Brief. Omitting the pictures, output all of the records precisely as written.
*** Given records ***
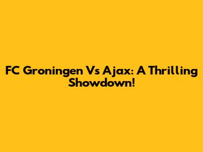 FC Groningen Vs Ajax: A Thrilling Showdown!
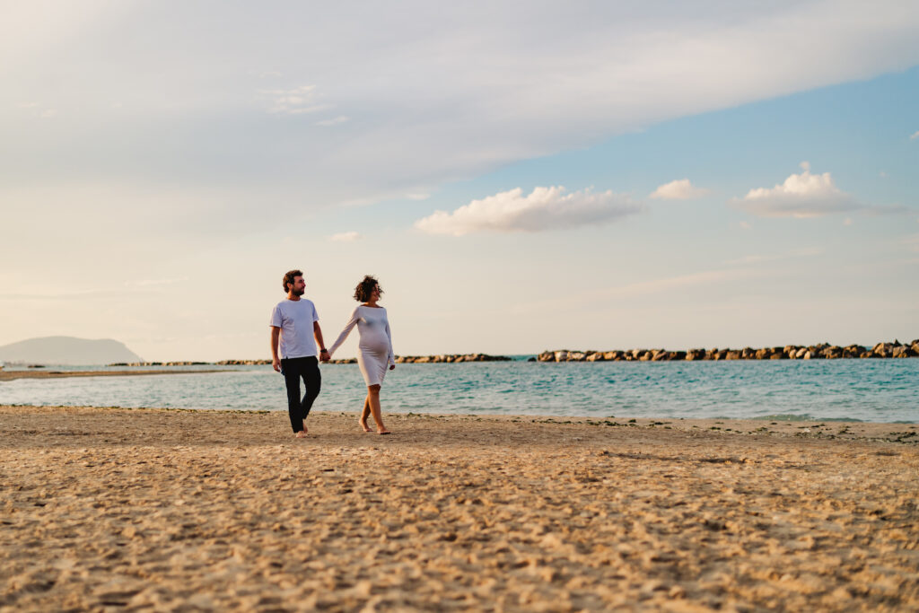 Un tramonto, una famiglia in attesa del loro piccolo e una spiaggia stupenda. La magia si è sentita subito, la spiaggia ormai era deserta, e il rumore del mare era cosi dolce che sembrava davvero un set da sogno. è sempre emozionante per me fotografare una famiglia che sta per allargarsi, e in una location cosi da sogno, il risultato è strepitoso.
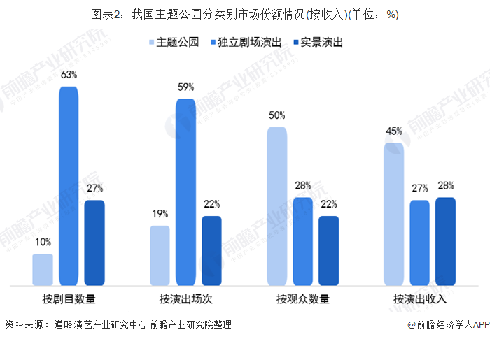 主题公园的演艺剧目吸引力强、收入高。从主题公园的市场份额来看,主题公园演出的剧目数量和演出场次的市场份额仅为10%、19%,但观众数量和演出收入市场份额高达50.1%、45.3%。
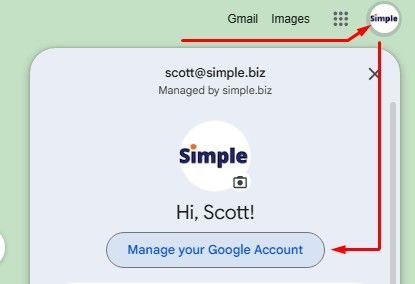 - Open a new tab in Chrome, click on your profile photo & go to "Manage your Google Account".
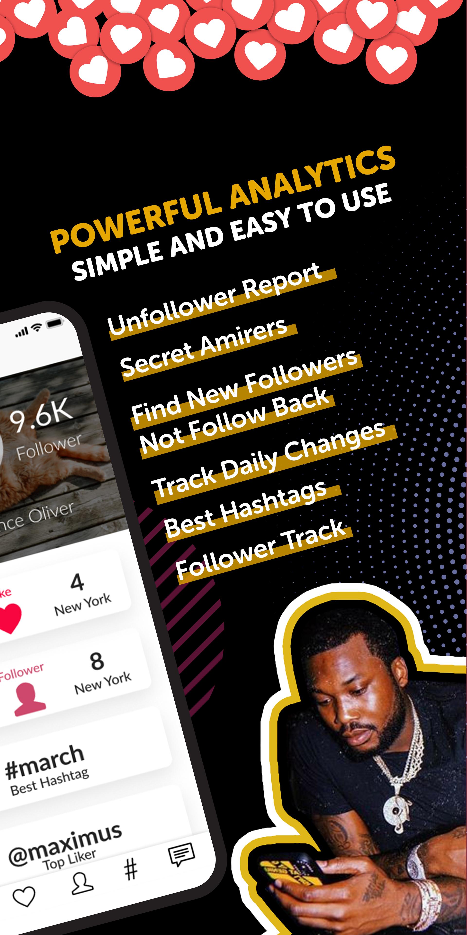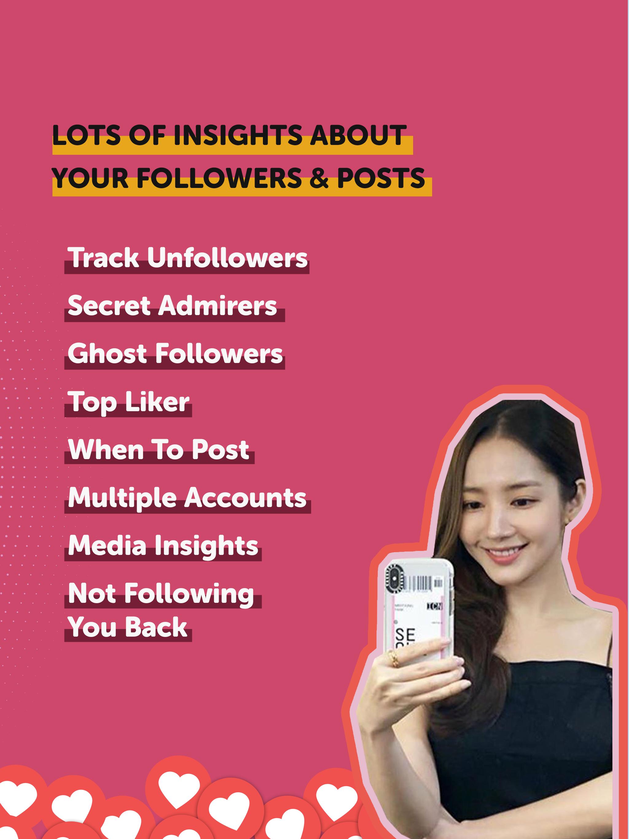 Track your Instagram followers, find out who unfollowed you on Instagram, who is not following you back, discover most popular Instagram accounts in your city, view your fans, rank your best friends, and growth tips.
***
Solution for this problem.
 FC Groningen Vs Ajax: A Thrilling Showdown!
 Un tramonto, una famiglia in attesa del loro piccolo e una spiaggia stupenda. La magia si è sentita subito, la spiaggia ormai era deserta, e il rumore del mare era cosi dolce che sembrava davvero un set da sogno. è sempre emozionante per me fotografare una famiglia che sta per allargarsi, e in una location cosi da sogno, il risultato è strepitoso.
 主题公园的演艺剧目吸引力强、收入高。从主题公园的市场份额来看,主题公园演出的剧目数量和演出场次的市场份额仅为10%、19%,但观众数量和演出收入市场份额高达50.1%、45.3%。
 - Open a new tab in Chrome, click on your profile photo & go to "Manage your Google Account".
 Track your Instagram followers, find out who unfollowed you on Instagram, who is not following you back, discover most popular Instagram accounts in your city, view your fans, rank your best friends, and growth tips.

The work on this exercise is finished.